• **Supplied information**:
== Segment start ==

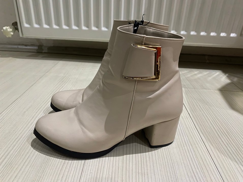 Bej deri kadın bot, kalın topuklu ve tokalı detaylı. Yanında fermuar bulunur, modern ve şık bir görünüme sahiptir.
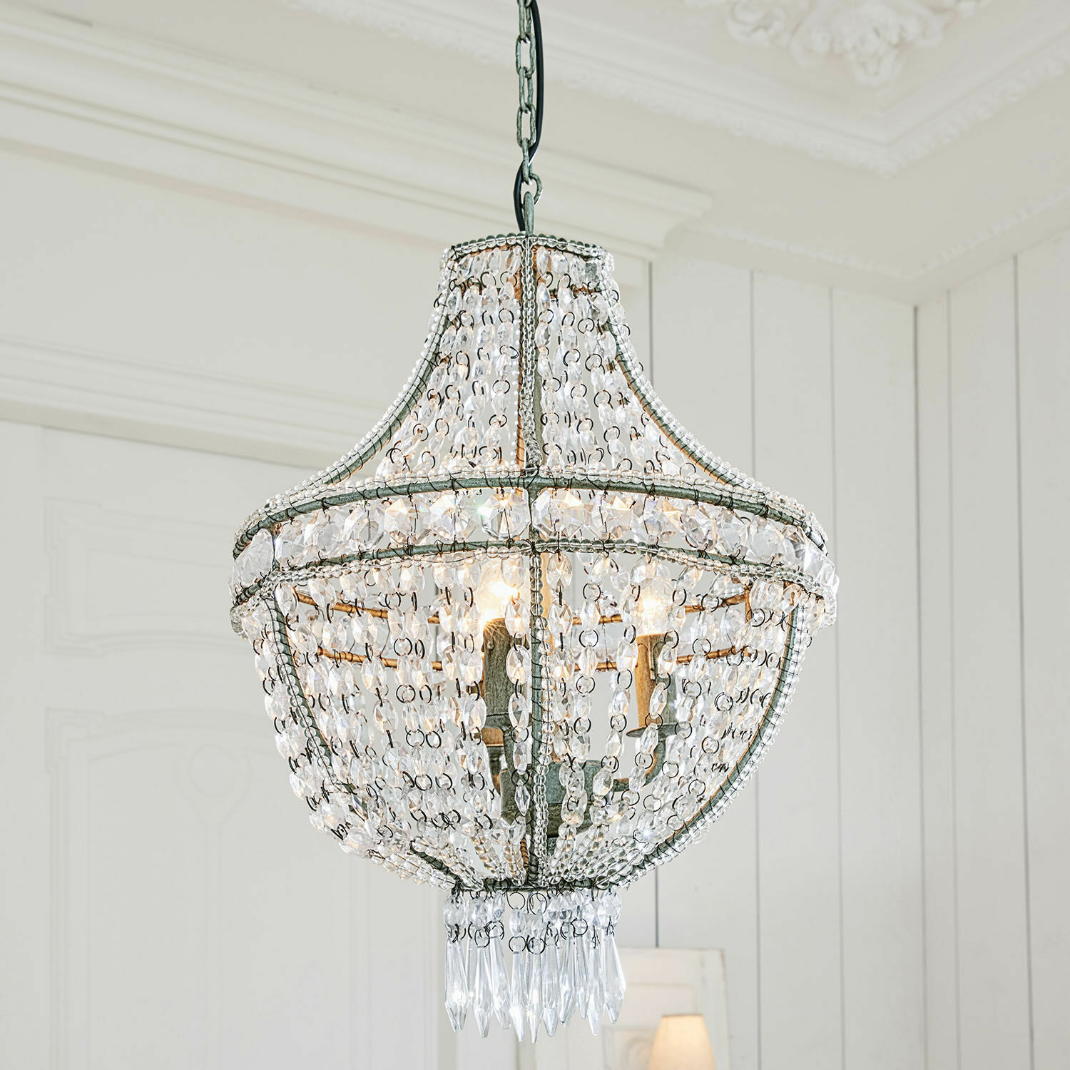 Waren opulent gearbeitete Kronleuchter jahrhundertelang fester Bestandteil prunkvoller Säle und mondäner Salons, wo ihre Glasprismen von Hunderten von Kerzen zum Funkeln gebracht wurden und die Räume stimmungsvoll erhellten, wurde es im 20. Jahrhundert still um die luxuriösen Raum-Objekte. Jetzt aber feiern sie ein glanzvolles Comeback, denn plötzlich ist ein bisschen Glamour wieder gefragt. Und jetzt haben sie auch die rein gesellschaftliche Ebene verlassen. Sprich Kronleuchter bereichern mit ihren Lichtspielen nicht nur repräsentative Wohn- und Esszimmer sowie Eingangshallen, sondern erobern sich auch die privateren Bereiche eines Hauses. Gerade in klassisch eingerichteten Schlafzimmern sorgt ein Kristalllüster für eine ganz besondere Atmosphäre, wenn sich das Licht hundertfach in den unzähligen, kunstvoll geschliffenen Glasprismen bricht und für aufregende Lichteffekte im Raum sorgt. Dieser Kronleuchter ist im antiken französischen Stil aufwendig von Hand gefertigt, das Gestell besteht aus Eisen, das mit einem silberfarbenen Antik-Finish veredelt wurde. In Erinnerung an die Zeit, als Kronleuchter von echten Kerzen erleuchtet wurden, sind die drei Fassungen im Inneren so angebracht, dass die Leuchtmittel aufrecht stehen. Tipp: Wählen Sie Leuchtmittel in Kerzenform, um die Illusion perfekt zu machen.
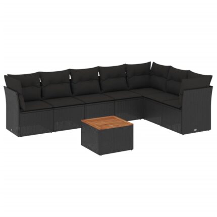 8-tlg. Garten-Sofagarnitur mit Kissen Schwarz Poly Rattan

== Segment end ==

• **Task objective**: Please print all the lines above exactly as given and leave out every picture.

• **Answer box**:
 Bej deri kadın bot, kalın topuklu ve tokalı detaylı. Yanında fermuar bulunur, modern ve şık bir görünüme sahiptir.
 Waren opulent gearbeitete Kronleuchter jahrhundertelang fester Bestandteil prunkvoller Säle und mondäner Salons, wo ihre Glasprismen von Hunderten von Kerzen zum Funkeln gebracht wurden und die Räume stimmungsvoll erhellten, wurde es im 20. Jahrhundert still um die luxuriösen Raum-Objekte. Jetzt aber feiern sie ein glanzvolles Comeback, denn plötzlich ist ein bisschen Glamour wieder gefragt. Und jetzt haben sie auch die rein gesellschaftliche Ebene verlassen. Sprich Kronleuchter bereichern mit ihren Lichtspielen nicht nur repräsentative Wohn- und Esszimmer sowie Eingangshallen, sondern erobern sich auch die privateren Bereiche eines Hauses. Gerade in klassisch eingerichteten Schlafzimmern sorgt ein Kristalllüster für eine ganz besondere Atmosphäre, wenn sich das Licht hundertfach in den unzähligen, kunstvoll geschliffenen Glasprismen bricht und für aufregende Lichteffekte im Raum sorgt. Dieser Kronleuchter ist im antiken französischen Stil aufwendig von Hand gefertigt, das Gestell besteht aus Eisen, das mit einem silberfarbenen Antik-Finish veredelt wurde. In Erinnerung an die Zeit, als Kronleuchter von echten Kerzen erleuchtet wurden, sind die drei Fassungen im Inneren so angebracht, dass die Leuchtmittel aufrecht stehen. Tipp: Wählen Sie Leuchtmittel in Kerzenform, um die Illusion perfekt zu machen.
 8-tlg. Garten-Sofagarnitur mit Kissen Schwarz Poly Rattan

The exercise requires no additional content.